Sergeant Kerr coldly and methodically fired ten times while the soldiers were maneuvering to the shelf, and every time he fired, a soldier dropped with a hole burned through him. Kerr would have fired many more times, but he’d had to drop down and scramble away from the aperture once when a heavy laser found it and began chewing a hole through its lip. Then again when a fléchette gun sent a multithousand burst onto and through the enlarged aperture, and a third time when another laser further enlarged the opening. When the soldiers reached the cover of the shelf, he began trying to take out the crew-served weapons that were chewing up the fronts of the bunkers, reaching inside them and killing or wounding Marines.
His shooting, ducking, and dodging were all automatic; Kerr was experienced enough he didn’t have to think about how to fight outnumbered from a fixed position. While his body functioned on automatic, and temporarily took out a heavy laser by hitting its muzzle at exactly the right angle to crack the barrel lens, his mind worked on the irony of his current position.
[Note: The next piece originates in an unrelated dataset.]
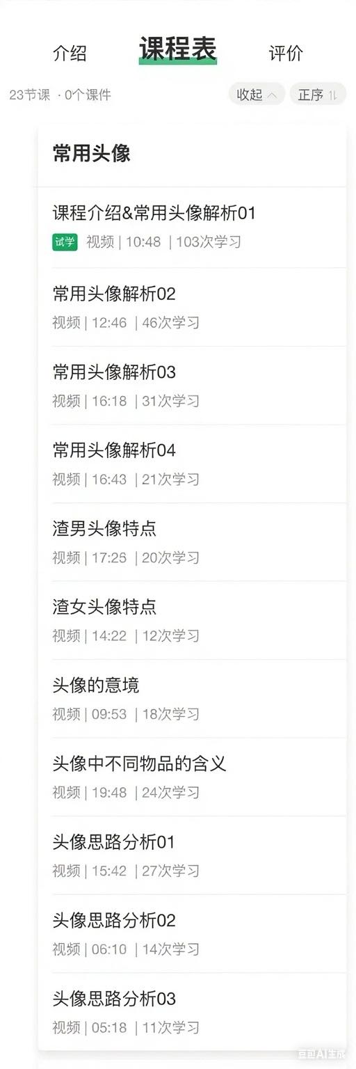 初阶内容:常用头像解析 快速分辨zha男zha女头像特点 头像的意境及物品的含义 头像思路分析
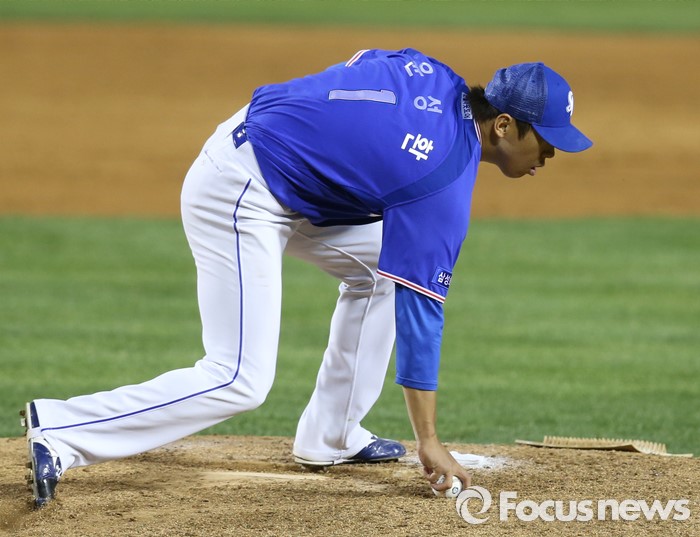 (서울=포커스뉴스) 12일 서울 잠실구장에서 열린 2016 프로야구 삼성-LG 경기 5회말 2사 2루에서 삼성 투수 윤성환이 LG 히메네스의 타구를 잡고 있다.

Kerr had been a fire team leader when he was nearl
y killed on Elneal. Since then, Corporal Ratliff was promoted to Sergeant and became a squad leader when then–Gunnery Sergeant Bass was made Platoon Commander and Sergeant Hyakowa was promoted to Staff Sergeant and made Platoon Sergeant. Corporals Leach, Saleski, and Keto were killed before Kerr rejoined 34th FIST and third platoon two years later. Sergeant Linsman, who wasn’t even with the platoon when Kerr was nearly killed, was a fire team leader when Kerr returned, and was promoted to squad leader over Kerr.
Now Kerr was squad leader. Corporal Dornhofer was the only fire team leader left from the peace-making deployment to Elneal. Sergeant Eagle’s Cry was dead, killed on Diamunde, and Sergeant Bladon still hadn’t returned from Rehab after losing an arm on Kingdom. Both of the gun team leaders had been killed in action since Kerr had almost been killed.
Only five of the eleven sergeants and corporals who had been with the platoon those years ago were still alive and fighting. Kerr couldn’t help but wonder how many would still be alive at the end of the day’s fight.
Kerr was finally a squad leader, though it had taken too many deaths to get him there. And there he was, in his first action as a squad leader, and the positions his squad held left him stuck being merely an extra blaster in Corporal Chan’s fire team.